### Instructions to follow
Make an exact copy of the lines from the one holding "цвет сливочный №3" through the end of the entries below, both ends kept, and of nothing else. Exclude pictures.

### Data
━━━
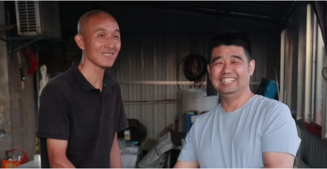 翼選業務負責人唐樹勇(右)回訪常州葡萄種植戶徐建峰(左)
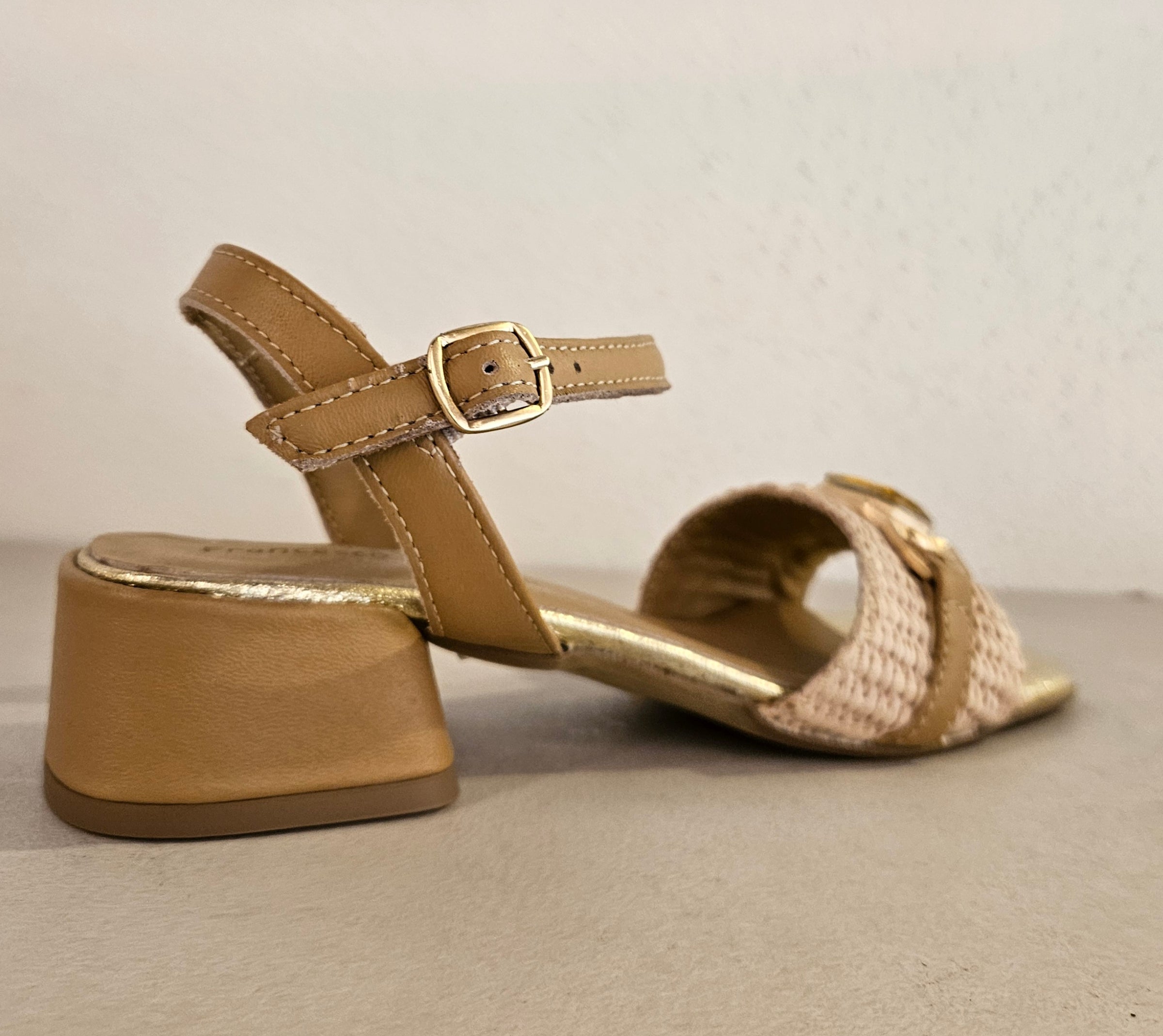 Sandalo innpelle raffia guantino biscotto tacco 40
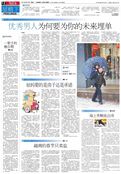 我是一个23岁的姑娘,研究生在读。一直不知道怎么说,自己似乎有点恨嫁。彤姐姐你恐怕要笑了,23岁的姑娘,有什么好怕的呢,青春还有一大把呢。的确,青春还有一大把可以慢慢耗,但几次相亲以后却让我乐观不起来。
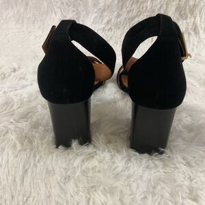 Color-black,Suede.Sandal has3 inches block heel and 10 1/2 inches ankle strap.
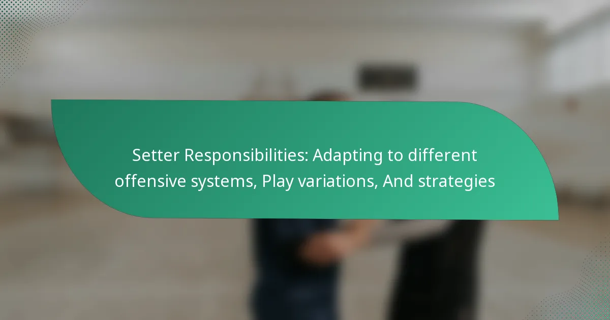 Setters adapt to different offensive systems by understanding the unique characteristics and requirements of each system. This flexibility allows them to optimize team performance and enhance communication among players, ensuring that strategies align with the chosen offensive approach.
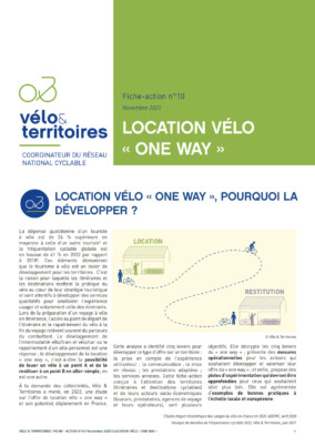Cette fiche-action décrypte les cinq leviers du « one way », présente des mesures opérationnelles pour les acteurs qui souhaitent développer et valoriser leur offre du « one way » et propose des pistes d’expérimentation pour aller plus loin. La fiche est agrémentée d’exemples de bonnes pratiques à l’échelle locale et européenne.
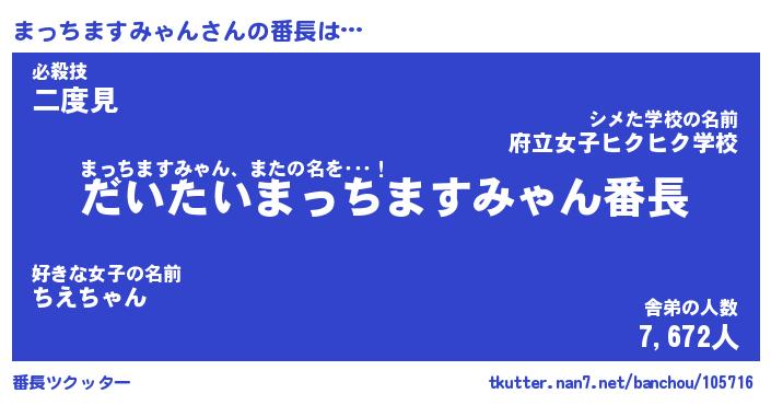 | 男性向けラノベタイトル風あだ名 | 『まっちますみゃんの憂鬱』 |
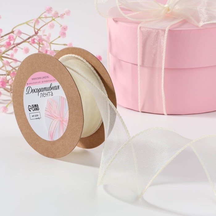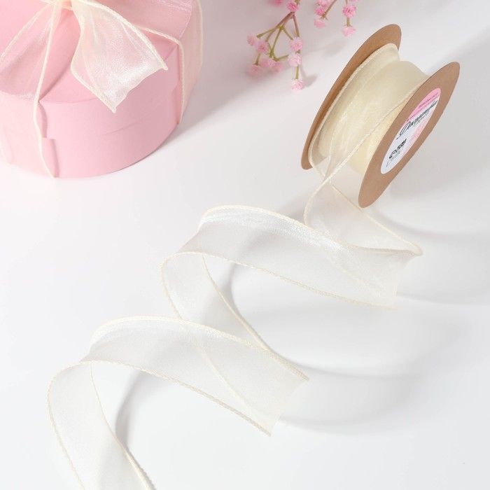 Лента капроновая «Волна», с блеском, 40 мм, 10 ± 1 м, цвет сливочный №3
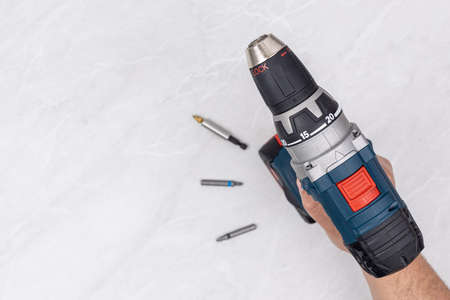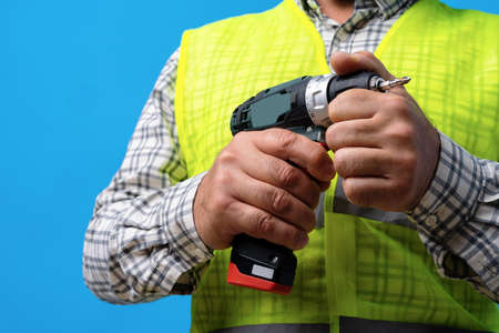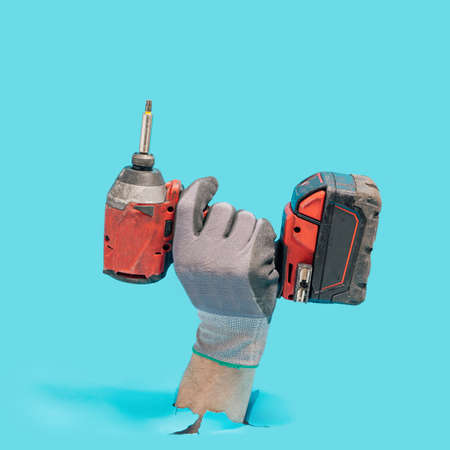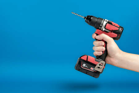 Cordless screwdriver in hand. Cordless tool in a mans hand. The concept of repair and construction on a blue background.
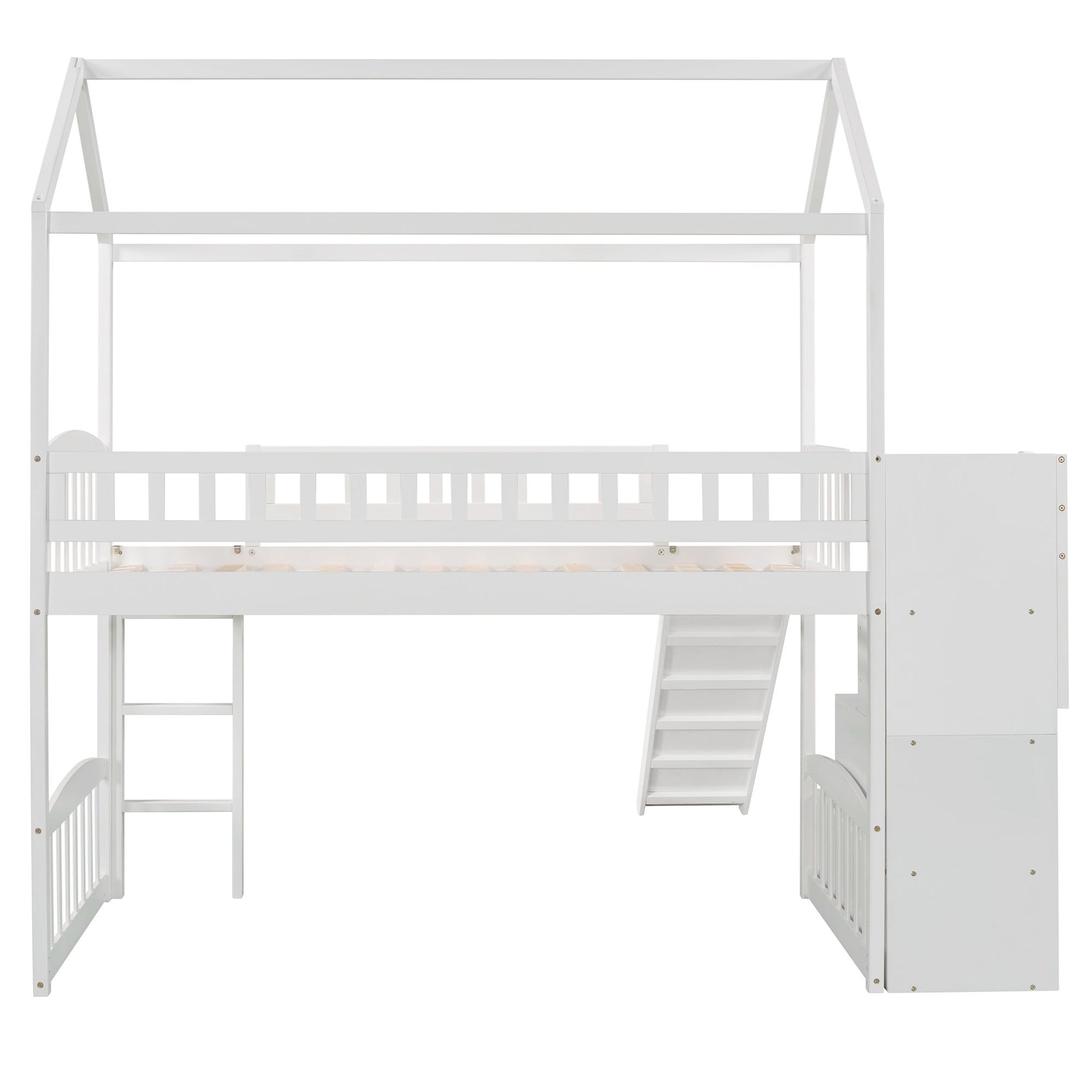 Twin Loft House Bed With 2 Drawers And Slide - White
━━━
### Answer
 Лента капроновая «Волна», с блеском, 40 мм, 10 ± 1 м, цвет сливочный №3
 Cordless screwdriver in hand. Cordless tool in a mans hand. The concept of repair and construction on a blue background.
 Twin Loft House Bed With 2 Drawers And Slide - White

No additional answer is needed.